When people hear you say this, the line that is used is, Well, that's not realistic, he doesn't understand defense; in the real world, we need these things to protect ourselves. But what you pointed to there was the words of Eisenhower himself. Nobody understood defense better than Eisenhower—I take it this is one reason why the Eisenhower Media Network is named after him. There you have someone who had a better grasp of issues of war and peace than perhaps anyone else in history, and he comes out at the end of his presidency with this remarkable speech.

You cited his idea that it is not just waste but theft. And I think that is such a crucial distinction. It's not just like setting the money on fire. It's even worse than that, because we are taking things from people that they could have if we spent this money differently.

COHEN

Yes, and another effect that he also talked about was the effect that it has on our spirit, our soul as a nation, that we're using people's energy, people's life force, to build these weapons instead of using that energy to improve the quality of life for people. And so, yes, I helped to found the Eisenhower Media Network because we need people who have the credentials to support this argument, and the Eisenhower Media Network is all former high- and mid-level military and national security experts who are all backing this up.

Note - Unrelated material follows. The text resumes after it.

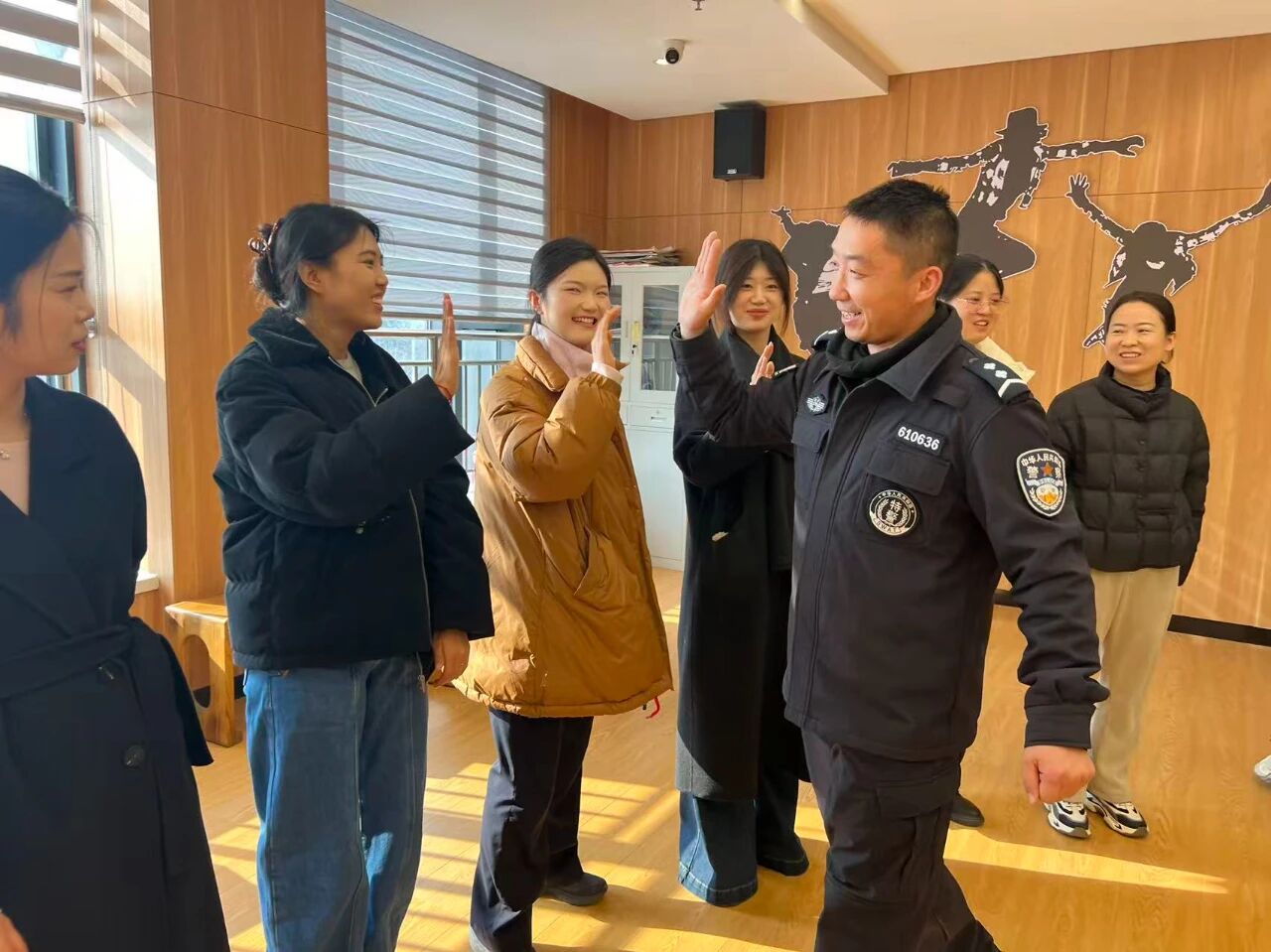 张青针对警务工作高强度、高压力以及文艺排练时间紧凑的特点,精心设计了以“放松、联结、赋能”为主题的团辅方案。活动在轻松愉快的氛围中展开,共分为三个渐进式环节。首个环节“破冰”,旨在快速打破隔阂,营造安全开放的交流环境。在她的引导下,参与民辅警通过简单的互动游戏和自我介绍,迅速拉近了彼此距离,现场笑声阵阵,排练带来的疲累感初步消解。

It's easy to see. If you just look at how much other countries are spending on their militaries—parenthetically, just the budget of ICE is bigger than the military budgets of most countries. But the country that spends the next most, besides the U.S. currently, is China, and we spend three times more than they're spending already. So the argument that we need these expenditures to protect ourselves is absurd.

ROBINSON

And even when people see stories in the press, for example, that China is working on building up its nuclear arsenal, they may think the United States has to respond by  increasing as well. But one of the points that's incredibly important is that they are responding to us. We create the threats that we then feel menaced by through what we are doing. By menacing the world with our vast nuclear arsenal, we invite a response.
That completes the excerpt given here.